# WTB bulk cardinals



## TCR (Jul 13, 2010)

I want to get a good size school for my 150gal tank but i want to get a deal if I get a bunch. Anyone know a place I can get about 30+ for a good price? Hope I can get them for less them 2$ a pop


----------



## target (Apr 21, 2010)

Here: http://www.canadianaquatics.com/

$2 a pop


----------



## TCR (Jul 13, 2010)

I was hoping to get them them for a lil less then that.. Trying to see if I get a lot of them if someone will budge a lil in the price


----------



## JTang (Apr 21, 2010)

Let me know if u found some.
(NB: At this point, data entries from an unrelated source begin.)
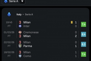 体育资讯3月9日讯 意甲第28轮比赛,莫德里奇踢满全场,帮助米兰1-0击败国米。
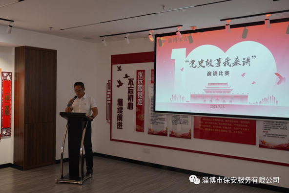 為慶祝中國共產(chǎn)黨成立100周年,回顧黨的百年奮進歲月,引導干部職工學黨史、知黨恩、跟黨走,感悟黨的光輝歷程,傳承黨的優(yōu)良傳統(tǒng),進一步推動黨史學習教育走深走實,淄博市保安服務有限公司黨委于7月15日下午舉辦“黨史故事我來講”專題演講比賽。
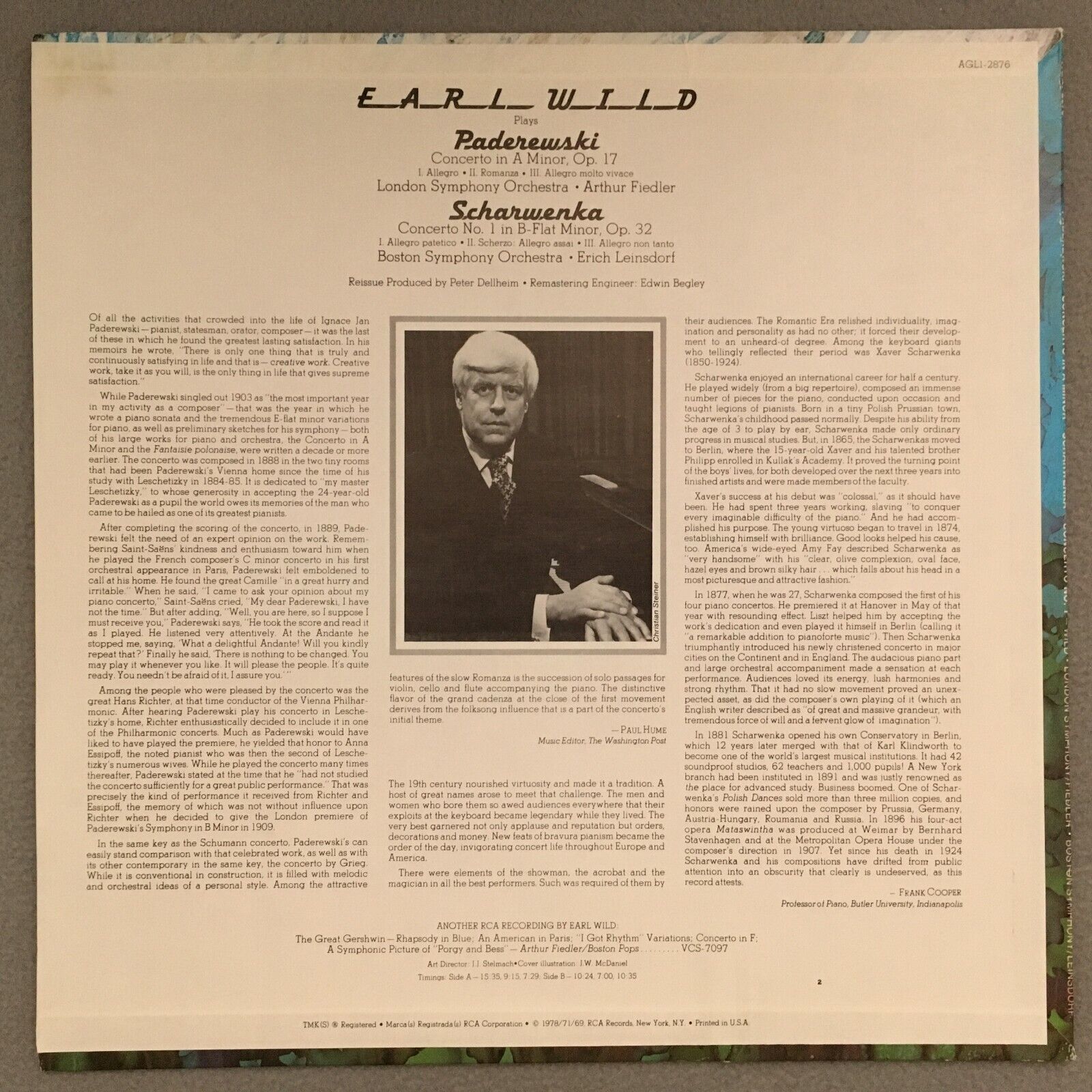 R928 Paderewski Scharwenko Piano Concertos Wild Fiedler RCA AGL1-2876 Stereo
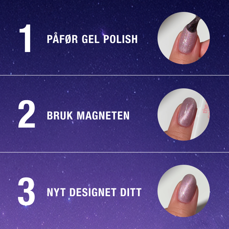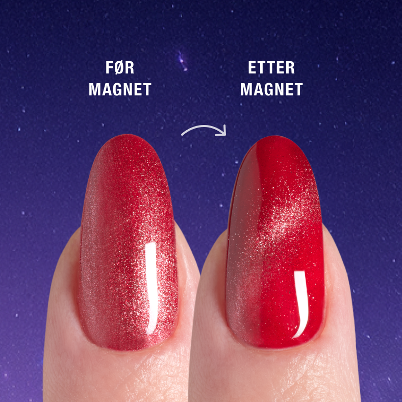 - Påfør et andre lag Cat Eye Gel Polish og bruk den medfølgende Cat Eye Magnet for å skape ønsket mønster. Når du er fornøyd med mønsteret, herder du raskt i UV/LED-lampen for å feste designet.
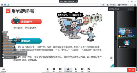 联合九里堤派出所民警为本科、研究生新生开展了一场线上防电信诈骗主题讲座。本次讲座邀请到了九里堤派出所具有多年防诈经验的民警赵小磊主讲,易游体育官方网站
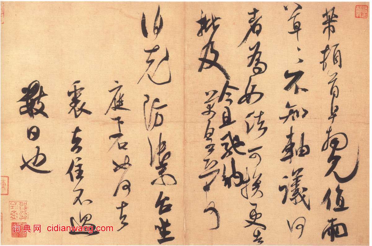 書法欣賞魏晉書法唐朝書法宋朝書法元朝書法明朝書法清朝書法近現代書法字典網>> 歷代書法>> 宋朝>> 米芾《值雨帖》正文 米芾《值雨帖》作者:米芾 書體:行書 【釋文】芾頓首。早拜見。值雨。 草草。不知軸議何 者為如法。可換更告 批及。今且馳納。芾皇(惶)恐頓首。 伯充防禦台坐。 庭下石如何去 里。去住不過 數日也。 米芾《值雨帖》行書。紙本。縱25.6厘米,橫38.6厘米。台北故宮博物院藏。信札一則。約書於北宋徽宗崇寧二年(1103)。1 2 下一頁 尾 頁 全文2015-5-8 13:02:55 米芾的相關書法作品:米芾行書《叔晦帖》 米芾《惡札帖》 米芾·戲成詩帖 米芾《惠柑帖》 米芾·蘇太簡參政帖 米芾·向太后輓詞帖 米芾《行書建州帖》 米芾·三吳詩帖 米芾·褚臨黃絹本蘭亭序跋贊 相關文章:康里巎巎草書《李白古風詩卷》 (草書)草書詩書卷之《李白古風詩卷》 紙本 35.0×63.8cm 點擊瀏覽大圖 ...唐寅行書《七律詩軸》龍頭獨對五千文 (行書)唐寅《行書七律詩軸》 縱146.5厘米 橫36.2厘米 蘇州博物館藏圖片來自《...蘇軾行書《次韻秦太虛見戲耳聾詩帖》 (行書)蘇軾《次韻秦太虛見戲耳聾詩帖》,行書,台北故宮博物院藏。【釋文】君不見詩人借車無...吳玉如《行書札記》 (行書)吳玉如《行書札記》 釋文:略 款識:迂叟寫付嘉祥存玩。 【資料來源】《書法》雜誌...祝允明楷書《燕喜亭等四記》 (楷書)祝允明楷書《燕喜亭等四記》卷(局部) 紙本 20.5×201.1厘米 北京故宮...王羲之草書《七月帖》 (草書)王羲之《七月帖》又名《秋月帖》,草書,台北故宮博物院藏作品,紙本。釋文:七月一日...趙明誠·題歐陽修《集古錄跋》 (行書)【釋文】右歐陽文忠公集古錄跋尾四。崇寧五年(1106)仲春重裝。十五日德父題記。...趙孟頫·跋王羲之《時雪快晴帖》 (行書)趙孟頫跋王羲之《時雪快晴帖》,行書。台北故宮博物院藏。釋文:東晉至今近千年,書跡...王鐸草書《為葆光張老親翁書》詩卷 (草書)王鐸草書《為葆光張老親翁書》詩卷 1065年作 縱30厘米 橫364.5厘米 北...瘞鶴銘 (楷書)《瘞鶴銘》殘片焦山摩崖石刻《瘞鶴銘》刻於南朝·梁(傳)天監十三年(514年),...
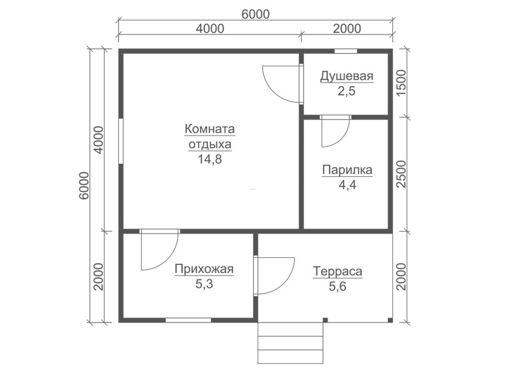 | Двери | Входная- металлическая, утеплённая (Россия). Межкомнатные- филёнчатые. В душевую/парную- клиновые (банные). | |
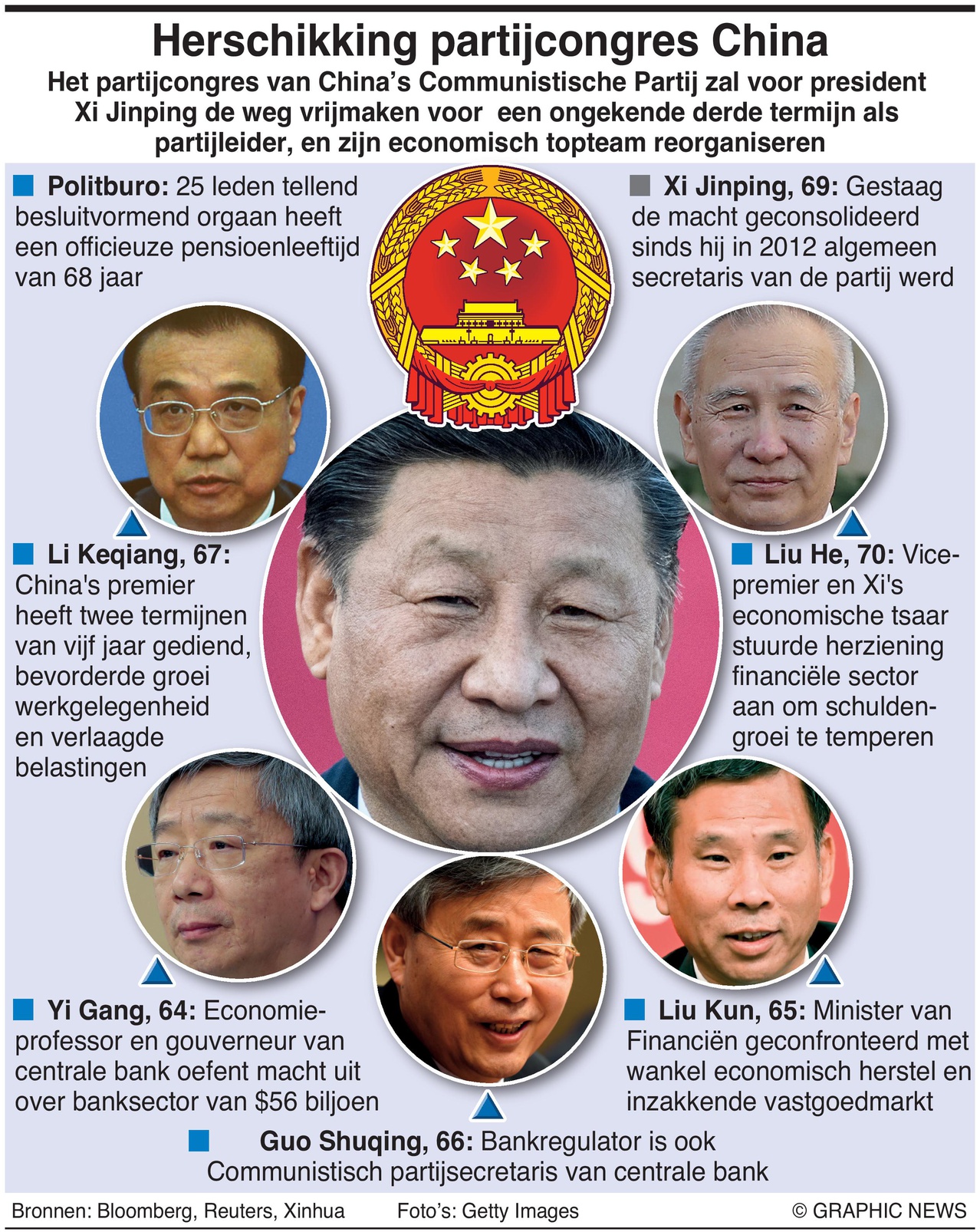 Het Chinese communistische partijcongres zal de weg vrijmaken voor president Xi Jinping om een ​​precedent te scheppen voor een derde termijn als partijleider en om zijn economische topteam te reviseren.
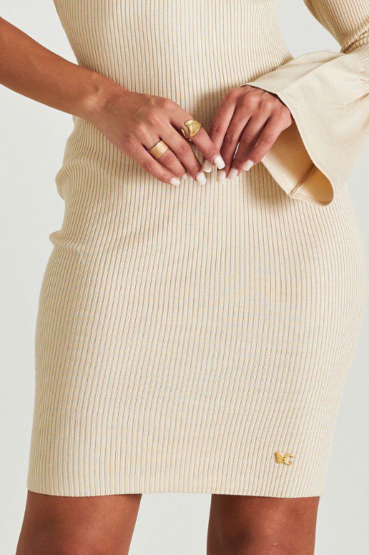 Φόρεμα με έναν ώμο και φτερά. Έχει ελαστικό ύφασμα και χιαστή λαιμόκομψη. Διαθέτει φτερά στα μανίκια
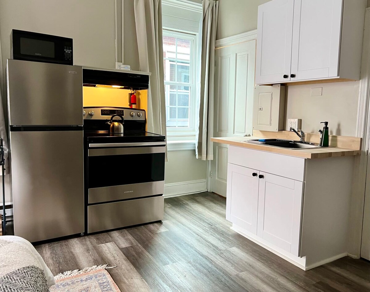 Modern Midtown Retreat: Descubra o nosso acolhedor apartamento de 1 cama, a base perfeita para explorar Hershey e Harrisburg. Localizado em Midtown, o bairro mais legal de Harrisburg, você está a uma curta caminhada de distância do centro da cidade, do Capitólio do Estado, de cervejarias e muito mais. Situado no edifício histórico “Carpets and Draperies”, originalmente Gerber 's Department Store (1922), esta unidade totalmente restaurada oferece confortos modernos, incluindo estacionamento gratuito fora da rua, uma cozinha totalmente abastecida e lavanderia na unidade.
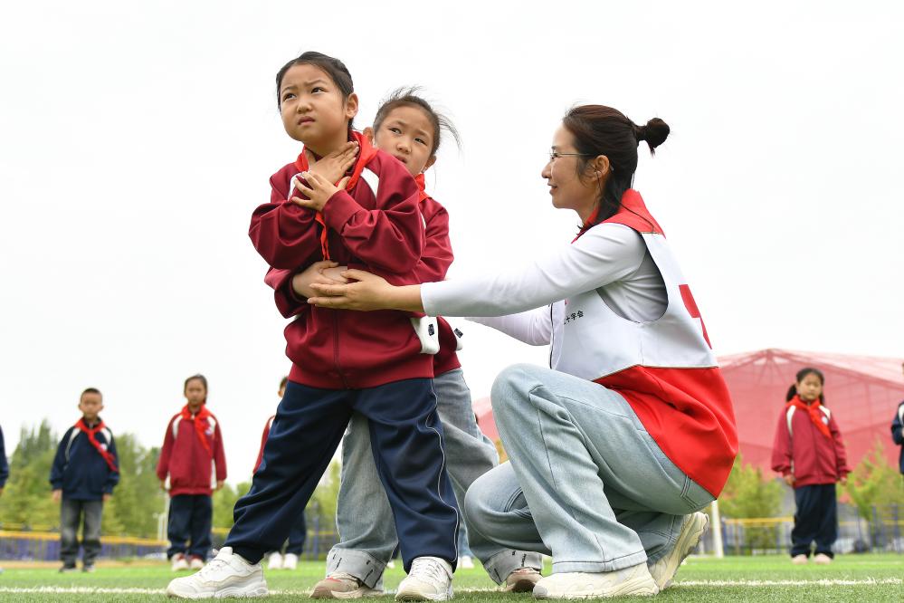 5月8日,在山东省烟台市福山区芝阳山学校,红十字志愿者指导学生练习海姆立克急救法。

Im interested in 30-40 as well!


----------



## TCR (Jul 13, 2010)

we could also try teaming up and getting a whole lot? maybe 100 and split them 50/50? I love how the fish school and the colours


----------



## CRS Fan (Apr 21, 2010)

Charles/Pat will sometimes do bulk discounts. PM him to see !

Best Regards,

Stuart


----------



## ibenu (Apr 21, 2010)

AS might April if you wanted 100 and were going to pick up when she receives..


----------



## ibenu (Apr 21, 2010)

or Rogers as you are out of the way from vancouver and all


----------



## charles (Apr 21, 2010)

If you are doing 100, then I can give you a better deal.


----------



## TCR (Jul 13, 2010)

sent you a pm charles


----------



## Rastapus (Apr 21, 2010)

We have small and large captive bred in stock in large quantities at both locations. PM if interested in a large quantity.


----------



## charles (Apr 21, 2010)

TCR said:


> sent you a pm charles


I did not get any pm from you.


----------



## Virual (Aug 9, 2010)

Island Pets Unlimited In Burnaby Just Got A Huge Shipment Of Cardinal Tetras, Small Ones And Large.


----------



## JTang (Apr 21, 2010)

Sure, we can do a group purchase. The most I can get is 30. If the price is good i dont mind getting 40. Let see where we can get the best deal....


----------